2022-02-09 12:51:39

by Christoph Hellwig

[permalink] [raw]
Subject: Re: [PATCH REPOST] irq_poll: Add local_bh_disable() in cpu_dead notifier

On Tue, Feb 08, 2022 at 03:34:05PM +0100, Sebastian Andrzej Siewior wrote:
> __raise_softirq_irqoff() adds a bit to the pending sofirq mask and this
> is it. The softirq won't be handled in a deterministic way but randomly
> when an interrupt fires and handles the softirq in its irq_exit() routine or
> if something randomly checks and handles pending softirqs in the call
> chain before the CPU goes idle.
>
> Add a local_bh_disable/enable() around the IRQ-off section which will
> handle pending softirqs.

And I still haven't seen any good explanation of why this is useful.

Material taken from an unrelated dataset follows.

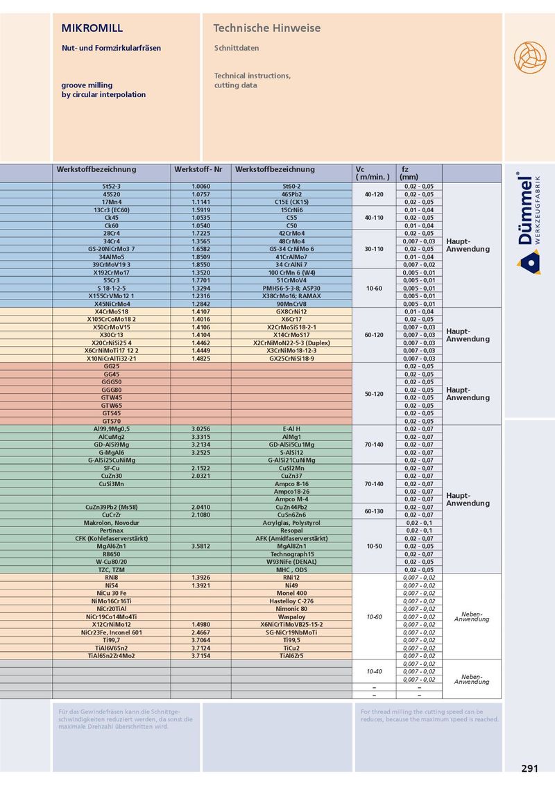 MIKROMILL Technische Hinweise Nut- und Formzirkularfräsen Schnittdaten Technical instructions, groove milling cutting data by circular interpolation Werkstoff Festigkeit Werkstoff-Nr Werkstoffbezeichnung Werkstoff-Nr Werkstoffbezeichnung Werkstoff- Nr Werkstoffbezeichnung Vc fz ( m/min. ) (mm) Allgemeiner Baustahl < 800 N/mm2 1.0037 St37-2 1.0570 St52-3 1.0060 St60-2 0,02 - 0,05 Automatenstahl < 800 N/mm2 1.0718 9SMnPb28 1.0727 45S20 1.0757 46SPb2 40-120 0,02 - 0,05 Einsatzstahl unlegiert < 800 N/mm2 1.0401 C15 1.0481 17Mn4 1.1141 C15E (CK15) 0,02 - 0,05 Einsatzstahl legiert < 1000 N/mm2 1.7331 16MnCr5 (EC80) 1.7015 13Cr3 (EC60) 1.5919 15CrNi6 0,01 - 0,04 Vergütungsstahl unlegiert < 850 N/mm2 1.0503 C45 1.1191 Ck45 1.0535 C55 40-110 0,02 - 0,05 Vergütungsstahl unlegiert < 1000 N/mm2 1.0601 C60 1.1221 Ck60 1.0540 C50 0,01 - 0,04 Vergütungsstahl legiert < 800 N/mm2 1.5131 50MnSi4 1.7030 28Cr4 1.7225 42CrMo4 0,02 - 0,05 Vergütungsstahl legiert < 1300 N/mm2 1.5755 31NiCr14 1.7033 34Cr4 1.3565 48CrMo4 0,007 - 0,03 Haupt- P Stahlguss < 850 N/mm2 0.9650 G-X260Cr27 1.6750 GS-20NiCrMo3 7 1.6582 GS-34 CrNiMo 6 30-110 0,02 - 0,05 Anwendung Nitrierstahl < 1000 N/mm2 1.8504 34CrAl6 1.8507 34AlMo5 1.8509 41CrAlMo7 0,01 - 0,04 Nitrierstahl < 1200 N/mm2 1.8515 31CrMo12 1.8523 39CrMoV19 3 1.8550 34 CrAlNi 7 0,007 - 0,02 Wälzlagerstahl < 1200 N/mm2 1.3505 100Cr6 (W3) 1.3543 X192CrMo17 1.3520 100 CrMn 6 (W4) 0,005 - 0,01 Federstahl < 1200 N/mm2 1.5026 55Si7 1.7176 55Cr3 1.7701 51CrMoV4 0,005 - 0,01 Schnellarbeitsstahl < 1300 N/mm2 1.3344 S 6-5-3 1.3255 S 18-1-2-5 1.3294 PMHS6-5-3-8; ASP30 10-60 0,005 - 0,01 Werkzeugstahl für Kaltarbeit < 1300 N/mm2 1.2312 40CrMnMoS8 6 1.2379 X155CrVMo12 1 1.2316 X38CrMo16; RAMAX 0,005 - 0,01 Werkzeugstahl für Warmbeit < 1300 N/mm2 1.2343 X38CrMoV 5 1 1.2767 X45NiCrMo4 1.2842 90MnCrV8 0,005 - 0,01 Stahl und Stahlguss rostfei geschwefelt < 850 N/mm2 1.4305 X8CrNiS18 9 1.4105 X4CrMoS18 1.4107 GX8CrNi12 0,01 - 0,04 Nichtrostender Stahl, ferritisch < 750 N/mm2 1.4510 X3CrTi17 1.4528 X105CrCoMo18 2 1.4016 X6Cr17 0,02 - 0,05 Nichtrostender Stahl, martensitisch < 900 N/mm2 1.4034 X46Cr13 1.4116 X50CrMoV15 1.4106 X2CrMoSiS18-2-1 0,007 - 0,03 Haupt- M Nichtrost. Stahl, ferritisch/martensit. <1100 N/mm2 1.4313 X3CrNi13-4 1.4028 X30Cr13 1.4104 X14CrMoS17 60-120 0,007 - 0,03 Anwendung Nichtrost. Stahl, austenitisch/ferritisch < 850 N/mm2 1.4460 X8CrNiMo27 5 1.4821 X20CrNiSi25 4 1.4462 X2CrNiMoN22-5-3 (Duplex) 0,007 - 0,03 Nichtrostender Stahl, austenitisch < 750 N/mm2 1.4301 X5CrNi18-10 1.4571 X6CrNiMoTi17 12 2 1.4449 X3CrNiMo18-12-3 0,007 - 0,03 Hitzebeständig < 1100 N/mm2 1.4747 X80CrNiSi20 1.4876 X10NiCrAlTi32-21 1.4825 GX25CrNiSi18-9 0,007 - 0,03 Grauguss mit Lammellengraphit 100-350N/mm2 0.6010 GG10 0.6025 GG25 0,02 - 0,05 Grauguss mit Lammellengraphit 300-1000N/mm2 0.6030 GG30 0.6045 GG45 0,02 - 0,05 Kugelgraphitguss 300-500N/mm2 0.7040 GGG40 0.7050 GGG50 0,02 - 0,05 Kugelgraphitguss 550-800N/mm2 0.7060 GGG60 0.7080 GGG80 0,02 - 0,05 Haupt- K 50-120 Temperguss weis 350-450N/mm2 0.8035 GTW35 0.8045 GTW45 0,02 - 0,05 Anwendung Temperguss weis 500-650N/mm2 0.8055 GTW55 0.8065 GTW65 0,02 - 0,05 Temperguss schwarz 350-450N/mm2 0.8135 GTS35 0.8145 GTS45 0,02 - 0,05 Temperguss schwarz 500-700N/mm2 0.8155 GTS55 0.8170 GTS70 0,02 - 0,05 Aluminium ( unlegiert, niedrig legiert ) < 350 N/mm2 3.0255 Al99,5 3.3308 Al99,9Mg0,5 3.0256 E-Al H 0,02 - 0,07 Aluminiumlegierungen < 0,5% Si < 500 N/mm2 3.0515 AlMn1 3.1355 AlCuMg2 3.3315 AlMg1 0,02 - 0,07 Aluminiumlegierungen 0,5-10% Si < 400 N/mm2 3.2152 GD-AlSi6Cu4 3.2373 GD-AlSi9Mg 3.2134 GD-AlSi5Cu1Mg 70-140 0,02 - 0,07 Aluminiumlegierungen 10-15% Si < 400 N/mm2 3.2381 G-AlSi10Mg 3.5562 G-MgAl6 3.2525 S-AlSi12 0,02 - 0,07 Aluminiumlegierungen > 15% Si < 400 N/mm2 G-AlSi17Cu4 G-AlSi25CuNiMg G-AlSi21CuNiMg 0,02 - 0,07 Kupfer ( unlegiert, niedrig legiert ) < 350 N/mm2 2.0060 E-Cu57 2.0090 SF-Cu 2.1522 CuSl2Mn 0,02 - 0,07 Kupfer-Knetlegierungen < 700 N/mm2 2.0240 CuZn15 2.0265 CuZn30 2.0321 CuZn37 0,02 - 0,07 Kupfer-Sonderlegierungen < 200 HB 2.0916 CuAl5 2.1525 CuSi3Mn Ampco 8-16 70-140 0,02 - 0,07 Kupfer-Sonderlegierungen < 300HB 2.0978 CuAl11Ni6Fe5 Ampco18-26 0,02 - 0,07 Haupt- N Kupfer-Sonderlegierungen > 300 HB 2.1247 CuBe2F125 Ampco M-4 0,02 - 0,07 Anwendung Messing kurzspanend, Bronze, Rotguss < 600 N/mm2 2.0360 CuZn40 (Ms60) 2.0380 CuZn39Pb2 (Ms58) 2.0410 CuZn44Pb2 0,02 - 0,07 60-130 Messing langspanend < 600 N/mm2 2.0335 CuZn36 (Ms63) 2.1293 CuCrZr 2.1080 CuSn6Zn6 0,02 - 0,07 Thermoplaste Delrin, Hostalen Makrolon, Novodur Acrylglas, Polystyrol 0,02 - 0,1 Duroplaste Ferrozell, Bakelit Pertinax Resopal 0,02 - 0,1 Faserverstärkte Kunststoffe GFK (Glasfaserverstärkt ) CFK (Kohlefaserverstärkt) AFK (Amidfaserverstärkt) 0,02 - 0,07 Magnesium und Magnesiumlegierungen < 850 N/mm2 3.5200 M2, MgMn2 3.5612 MgAl6Zn1 3.5812 MgAl8Zn1 10-50 0,02 - 0,05 Graphit C8000, R8500X R8650 Technograph15 0,02 - 0,07 Wolfram und Wolframlegierungen W-NiFe (Densimet W) W-Cu80/20 W93NiFe (DENAL) 0,02 - 0,05 Molybdän und Molybdänlegierungen Mo , Mo-50Re TZC, TZM MHC , ODS 0,02 - 0,05 Reinnickel 1.3911 RNi24 1.3927 RNi8 1.3926 RNi12 0,007 - 0,02 Nickellegierungen 1.3912 Ni36 (Invar) 1.3924 Ni54 1.3921 Ni49 0,007 - 0,02 Nickellegierungen < 850 N/mm2 2.4360 S-NiCu 30 Fe NiCu 30 Fe Monel 400 0,007 - 0,02 Nickel-Chromlegierungen 2.4886 SG-NiMo16Cr16W 2.4610 NiMo16Cr16Ti Hastelloy C-276 0,007 - 0,02 Nickel- und Kobaltlegierungen < 1300 N/mm2 2.4632 NiCr20Co18Ti 2.4631 NiCr20TiAl Nimonic 80 0,007 - 0,02 S Nickel- und Kobaltlegierungen < 1300 N/mm2 2.4634 NiCo20Cr15MoAlTi 2.4654 NiCr19Co14Mo4Ti Waspaloy 10-60 0,007 - 0,02 Neben- Anwendung Hochwarmfeste Legierungen < 1300 N/mm2 Hardox 400 1.4939 X12CrNiMo12 1.4980 X6NiCrTiMoVB25-15-2 0,007 - 0,02 Nickel-Kobalt-(Chrom-)legierungen < 1400 N/mm2 2.4806 SG-NiCr20Nb, Inconel 82 2.4851 NiCr23Fe, Inconel 601 2.4667 SG-NiCr19NbMoTi 0,007 - 0,02 Reintitan < 900 N/mm2 3.7025 Ti99,8 3.7034 Ti99,7 3.7064 Ti99,5 0,007 - 0,02 Titan

Subject: Re: [PATCH REPOST] irq_poll: Add local_bh_disable() in cpu_dead notifier

On 2022-02-08 23:56:34 [-0800], Christoph Hellwig wrote:
> On Tue, Feb 08, 2022 at 03:34:05PM +0100, Sebastian Andrzej Siewior wrote:
> > __raise_softirq_irqoff() adds a bit to the pending sofirq mask and this
> > is it. The softirq won't be handled in a deterministic way but randomly
> > when an interrupt fires and handles the softirq in its irq_exit() routine or
> > if something randomly checks and handles pending softirqs in the call
> > chain before the CPU goes idle.
> >
> > Add a local_bh_disable/enable() around the IRQ-off section which will
> > handle pending softirqs.
>
> And I still haven't seen any good explanation of why this is useful.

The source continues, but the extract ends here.